**Your objective**
The line with "1、在首页日历界面,可直接查" and each line following it, up to the final line of the data, should be set down exactly; pictures stay out.

**Data block**
⁂

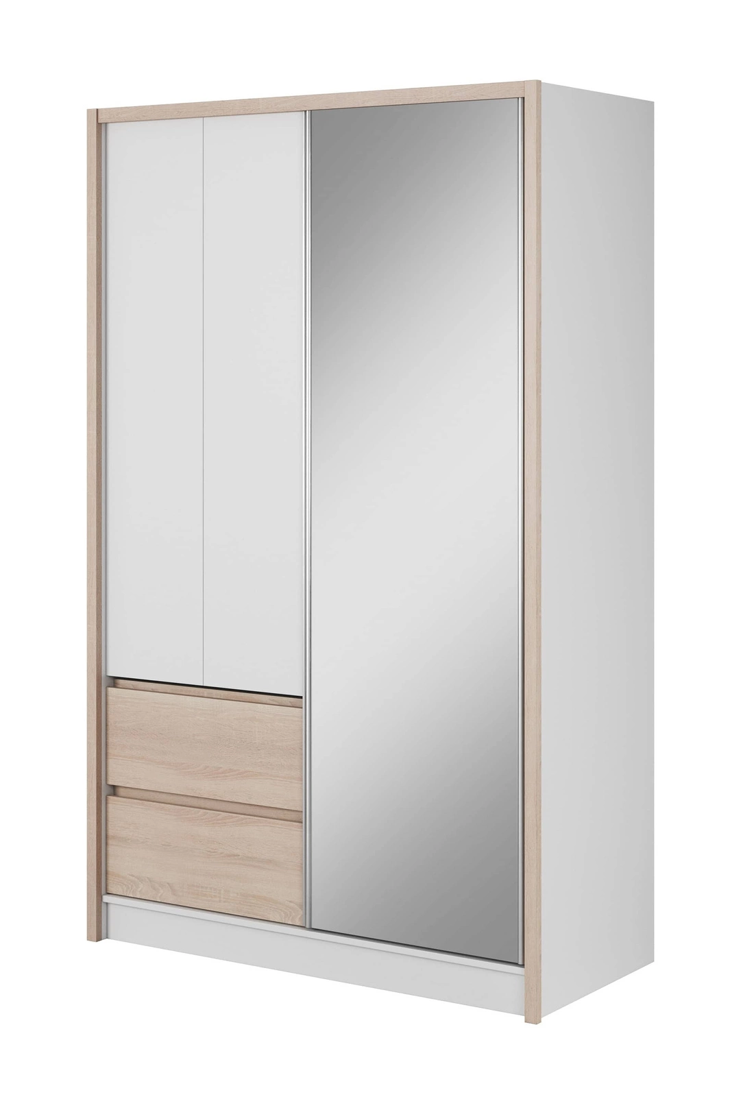 Szafa przesuwna z lustrem Cento w kolorze biały / dąb sonoma to przepis na nowoczesne oraz funkcjonalne wnętrze w Twoim domu!
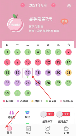 1、在首页日历界面,可直接查看标注的易孕期排卵期安全期等周期状态,同时显示当前处于易孕期的天数、距离下次月经的时长。
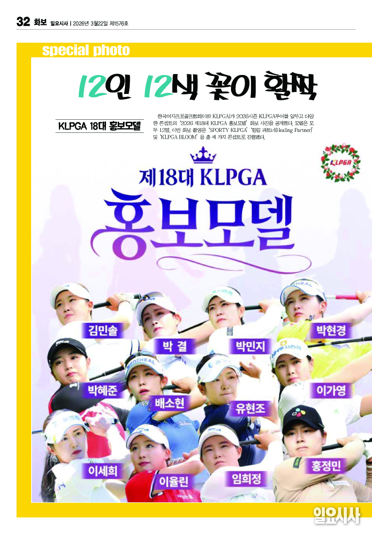 한국여자프로골프협회(이하 KLPGA)가 2026시즌 KLPGA투어를 앞두고 다양한 콘셉트의 ‘2026 제18대 KLPGA 홍보모델’ 화보 사진을 공개했다. 모델은 모두 12명. 이번 화보 촬영은 ‘SPORTY KLPGA’, ‘힐링 파트너(Healing Partner)’ 및 ‘KLPGA BLOOM’ 총 세 가지 콘셉트로 진행됐다. ⓒKLPGA

⁂

**Answer space**
 1、在首页日历界面,可直接查看标注的易孕期排卵期安全期等周期状态,同时显示当前处于易孕期的天数、距离下次月经的时长。
 한국여자프로골프협회(이하 KLPGA)가 2026시즌 KLPGA투어를 앞두고 다양한 콘셉트의 ‘2026 제18대 KLPGA 홍보모델’ 화보 사진을 공개했다. 모델은 모두 12명. 이번 화보 촬영은 ‘SPORTY KLPGA’, ‘힐링 파트너(Healing Partner)’ 및 ‘KLPGA BLOOM’ 총 세 가지 콘셉트로 진행됐다. ⓒKLPGA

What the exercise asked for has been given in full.